▶ [Exercise goal]:
Would you please return the lines of the entries below starting at the line that has "На этот стол" and ending at the line that has "mini detalles dorados.", both included, exactly as they are?

▶ [Task input]:
>>>

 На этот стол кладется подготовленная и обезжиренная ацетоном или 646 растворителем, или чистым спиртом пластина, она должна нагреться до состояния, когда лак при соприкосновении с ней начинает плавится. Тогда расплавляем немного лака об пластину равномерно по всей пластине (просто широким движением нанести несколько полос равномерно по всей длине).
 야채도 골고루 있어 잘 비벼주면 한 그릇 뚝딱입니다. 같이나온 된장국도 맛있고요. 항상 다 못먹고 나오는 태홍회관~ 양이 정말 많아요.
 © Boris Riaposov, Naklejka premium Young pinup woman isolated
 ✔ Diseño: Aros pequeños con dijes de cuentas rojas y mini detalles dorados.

<<<
>>>

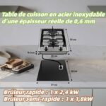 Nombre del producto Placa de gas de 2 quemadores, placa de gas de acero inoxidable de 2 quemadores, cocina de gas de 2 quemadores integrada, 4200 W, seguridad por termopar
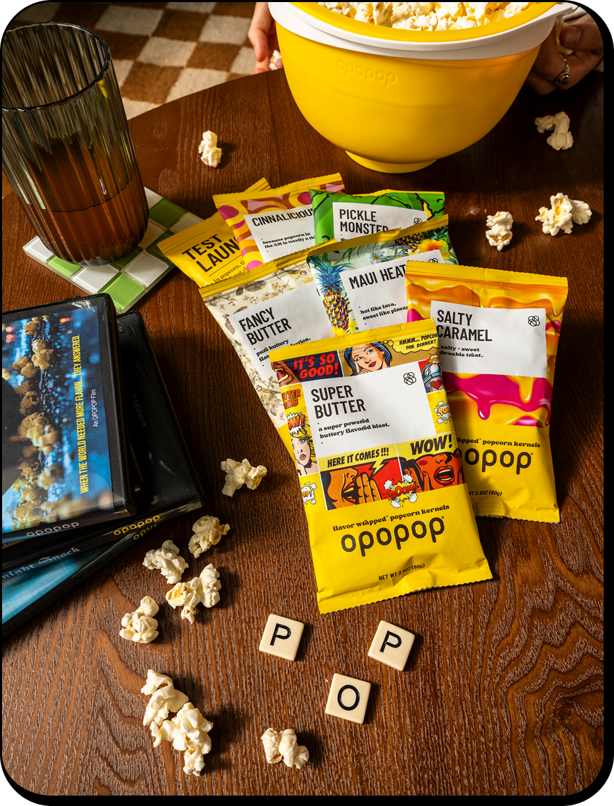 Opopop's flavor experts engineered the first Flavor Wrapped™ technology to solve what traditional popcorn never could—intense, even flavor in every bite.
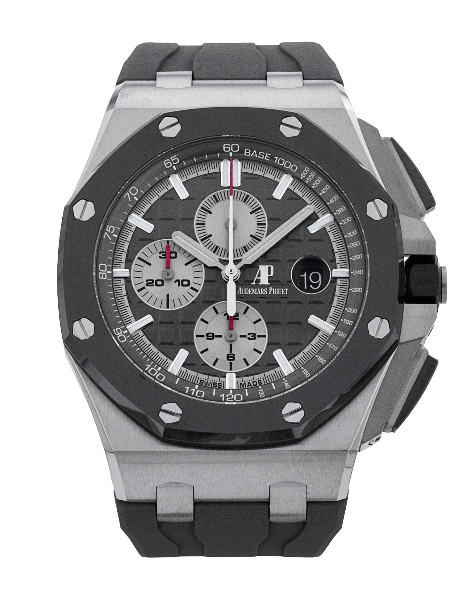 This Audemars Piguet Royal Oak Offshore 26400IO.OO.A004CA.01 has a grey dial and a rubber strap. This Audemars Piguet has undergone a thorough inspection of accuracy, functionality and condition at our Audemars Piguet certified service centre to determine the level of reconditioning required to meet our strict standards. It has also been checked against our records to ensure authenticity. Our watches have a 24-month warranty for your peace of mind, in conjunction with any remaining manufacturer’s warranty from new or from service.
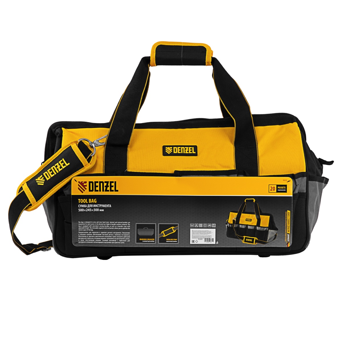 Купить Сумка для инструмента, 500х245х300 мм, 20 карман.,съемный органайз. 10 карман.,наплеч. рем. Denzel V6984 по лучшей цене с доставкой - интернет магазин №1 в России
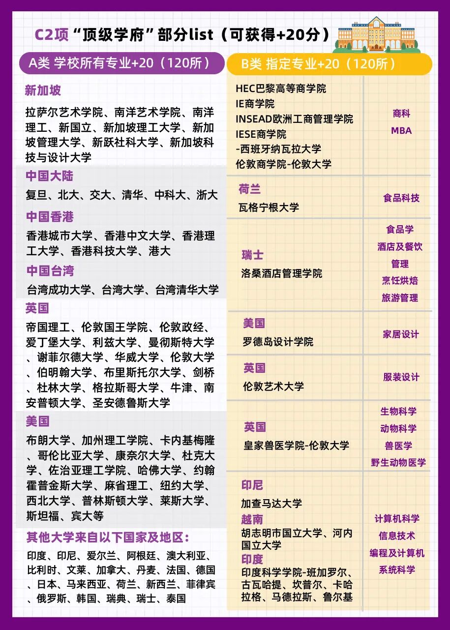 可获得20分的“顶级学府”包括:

<<<

▶ [Task response]:
 На этот стол кладется подготовленная и обезжиренная ацетоном или 646 растворителем, или чистым спиртом пластина, она должна нагреться до состояния, когда лак при соприкосновении с ней начинает плавится. Тогда расплавляем немного лака об пластину равномерно по всей пластине (просто широким движением нанести несколько полос равномерно по всей длине).
 야채도 골고루 있어 잘 비벼주면 한 그릇 뚝딱입니다. 같이나온 된장국도 맛있고요. 항상 다 못먹고 나오는 태홍회관~ 양이 정말 많아요.
 © Boris Riaposov, Naklejka premium Young pinup woman isolated
 ✔ Diseño: Aros pequeños con dijes de cuentas rojas y mini detalles dorados.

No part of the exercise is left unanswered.